For most users, bandwidth is in shorter supply than CPU. Especially on mobile (your constrained CPU/IO case), where people are using 3G or worse, which is often even billed by the MB.


Except that most clients are ridiculously overpowered compared to a heavily loaded server. Even the slowest 1.3ghz core 2 duo is better than a high end xeon if there are 10 users at one time.


Once again, a hacker news commenter's idea of what in browser javascript performance is like is ridiculously 15 years out of date.

It's 2014 now. Your iphone is 10 times faster than your 1998 pentium 2. Even with the JS vm penalty.

Unless you're zipping 70mb files, there's no chance you're overwhelming anyone's browser.

The usecase for this is the same you'd have for any desktop application: A handy "binary file format" library. Data portability wins.

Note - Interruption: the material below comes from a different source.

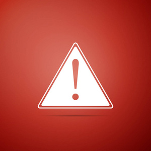 在红色背景上隔离的三角形图标中的感叹号.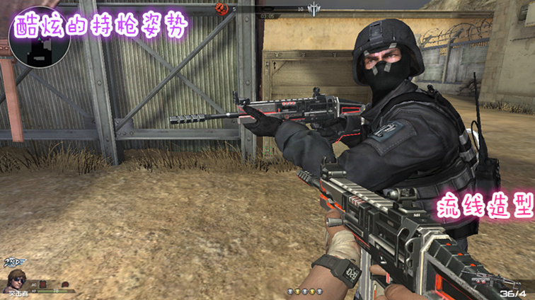 此外就是持枪的酷炫姿势和本身的流线造型,朱雀这把枪并没有ACE32那样的高科技感觉。也没有12气锤那样的叛逆喷漆,枪身本身具有非常顺手的流线造型,在简而不凡的枪身上点缀有亮光点,也因此朱雀在换弹和切枪的速度非常快的。

It seems that the data to be zipped is also on the client side (e.g. a color scheme designer tool that wants to bundle some css files and a background image). If the alternative is sending the uncompressed data back to the server and having the server bundle them up into a zip, this approach saves bandwidth.


Atwood's law in action


Is this really news? Almost every server side language out there will have a zip library, and I doubt any of those got mentioned on HN.


Server-side languages, yes. There are lots of those, so each one doesn't impact many. But there's only one client-side language on the web, so it impacts everyone.


So we are reporting it just because it is JavaScript.


Yes. JavaScript is lingua franca of the Web, so it may be important to have a particular functionality implemented in JavaScript.

This way, if you, say, want to take a part of the program and use it elsewhere, you have the advantage of the same language. If you want to ask a question about the program, you can count on other people knowing the language. If you want to illustrate something using a program, you have a common ground here.